Strip malls often get a bad rap. Most are thought of as cold, architecturally unpleasant outposts for life’s necessities—dry-cleaning, medications, a quick bite to eat, batteries, stationary, a haircut or a manicure, the odd gift or trinket. No one (I know) ever screams with glee at the thought of going to the strip mall on a date or a special occasion. Yet, as our culture increasingly values convenience over character, these throwback retail establishments offer a bit of both—with some quirkiness and small town friendliness thrown in too.

It really didn’t really occur to me that I should better appreciate my local strip mall until my good friend Michele posted what she called her “Ode to a Strip Mall” on her Facebook page. She wrote:

“Sure, they are a bit ugly, but in fifteen minutes I was able to pick up some things at CVS, buy a card from the quirky (and a little moldy smelling) stationary store, get my son his favorite pumpkin chocolate chip bread and try (for free) a generous slice of low-carb Dakota bread (not sure what that is, but it tasted pretty good), and get chicken soup for my cold from the (average) Chinese place. If I had time, I also would have stopped into the pricey gift shop and ended up with something for myself I didn’t need. I certainly spend my fair share of time at Target, but the ole strip mall does come through and is mysteriously a more satisfying experience.”
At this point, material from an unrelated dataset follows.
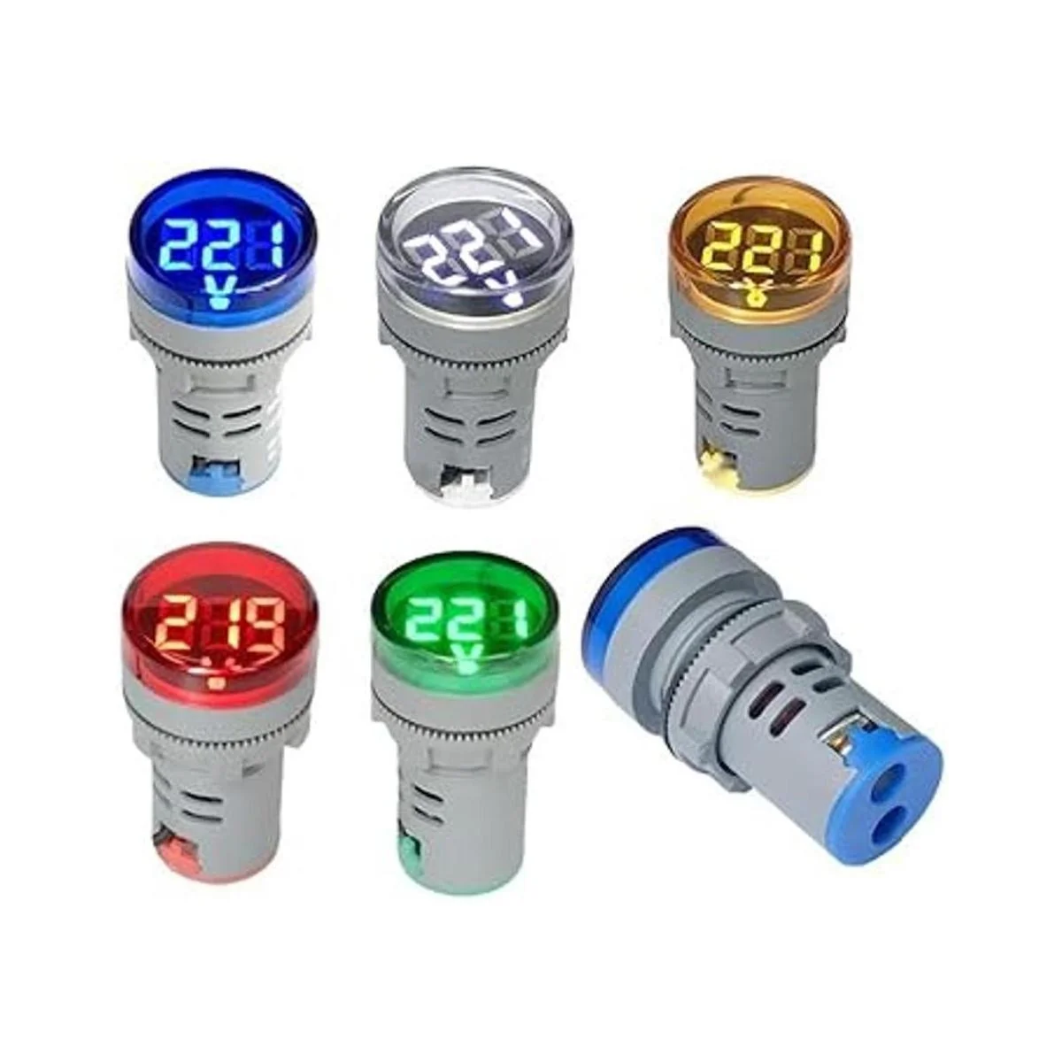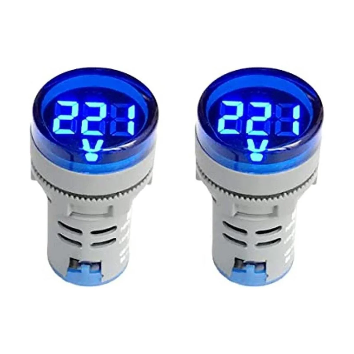 NOYITO 80500V AC voltímetro digital 110V 220V 380V rojo verde amarillo azul blanco pantalla LCD digital pequeña cabeza redonda paquete de 2 azul
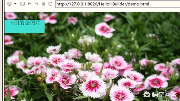 3、最后打开浏览器查看效果,div是在图片上面的。以上html中就是把背景图片置于最低层的方法。

She’s right. There’s something mysteriously better about a strip mall over a big box store. Now, don’t misunderstand, I’m hardly one to romanticize a past where you had to visit the butcher, the baker, and the candlestick-maker just to load up on a week’s worth of supplies. Despite our modern tendency to romanticize errand-running and to fetishize grocery shopping, prior to the explosion of large-scale retail establishments like Walmart and Target, it wasn’t so fun for those actually doing it.

My modern-day shopping would have been inconceivable to my grandmother in the 1950s, and even to my mom in the 1970s. No doubt they would have preferred to park their cars once for their weekly shopping. I’m able to procure my whole list of items, from a bag of (already washed!) lettuce to a box of thank you notes, prescriptions, light bulbs, a tiny battery for my kid’s watch, and even an on-trend and very affordable pair of gloves to replace the ones I carelessly left at the store last week. The ability to get all of these items in one place is called progress—something to celebrate.
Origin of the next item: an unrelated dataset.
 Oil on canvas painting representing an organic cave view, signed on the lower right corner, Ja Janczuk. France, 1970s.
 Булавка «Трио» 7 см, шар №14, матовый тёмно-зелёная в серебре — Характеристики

Yet, there is something lost to this progress and convenience. My trips to Target or Walmart are always harried, stressful experiences. I rarely find anyone to help me if I need assistance, and when I do, I’m often frustrated because they look and act like a pre-teen and don’t know how to help me.
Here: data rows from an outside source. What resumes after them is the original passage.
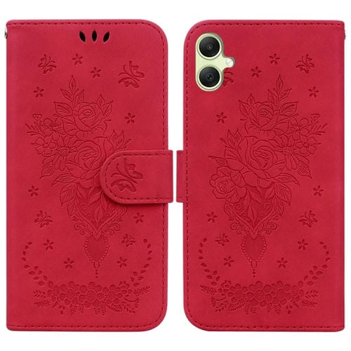 Funda para Teléfono Samsung Galaxy A05 Cuero Relieve Mariposa y Rosa (Rojo)
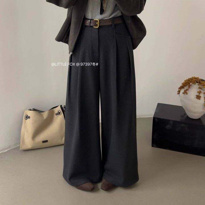 小狐狸LittleFox 97397冬天显瘦毛呢料加绒阔腿西装裤子拖地裤女
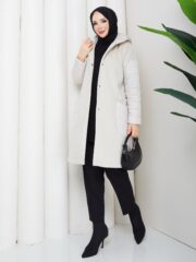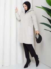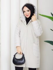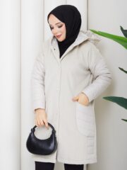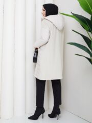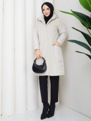 Bej renk kemerlı mont
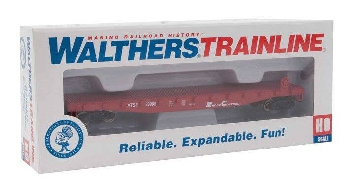 This Walthers Trainline HO Scale Flatcar is great for adding to any freight train on your layout or train set. Trainline freight cars feature RP-25 metal wheels for superior performance on all kinds of track including smaller scale-sized Code 70 and larger rail. With their added weight, body-mounted knuckle couplers, and wheel tread matched to National Model Railroad Association standards, wheels on Trainline rolling stock are compatible with almost all North American HO model railroads and can be used as you expand your railroad. Other features of this Flatcar include molded details that stand up to handling during operation and realistic paint schemes for good looks. The Flatcar is part of the large line of Trainline cars and locomotives. Fully assembled, ready to run Colorful paint and lettering schemes Fully assembled, ready to run Use with any HO Scale train set Body-mounted magnetic knuckle couplers RP-25 metal wheels

This never happens at the local strip mall. I can always find an eager and willing assistant—it’s usually the owner of the store. The person is always kind and generous, and they are patient with my young kids. Perhaps it’s because I know the shopkeepers, and they better know and care about their customers. I’m also better behaved, my quick temper abates as I know I see these shopkeepers around town—at restaurants, at the post office; one goes to my church. I certainly don’t want to appear impatient in front of someone I see one pew down during Advent.

Strip malls are a bit of a compromise between the multi-stop type shopping that hipsters prefer and the utilitarian uniformity of the big box store. While compact and varied, one must still leave one store and enter another to make a transaction. Stores tend to fill a niche—a shoe store, a card store, a restaurant, a hair salon—and provide consumers a sales associate that more expertly knows the products being sold. Each store looks a little different. It gives one the feel of an old-fashioned main street—except this main street comes with a big, convenient parking lot. That’s a compromise that makes Christmas shopping a bit more bearable and still quite convenient.

So this holiday season, head to your local strip mall and be of good cheer.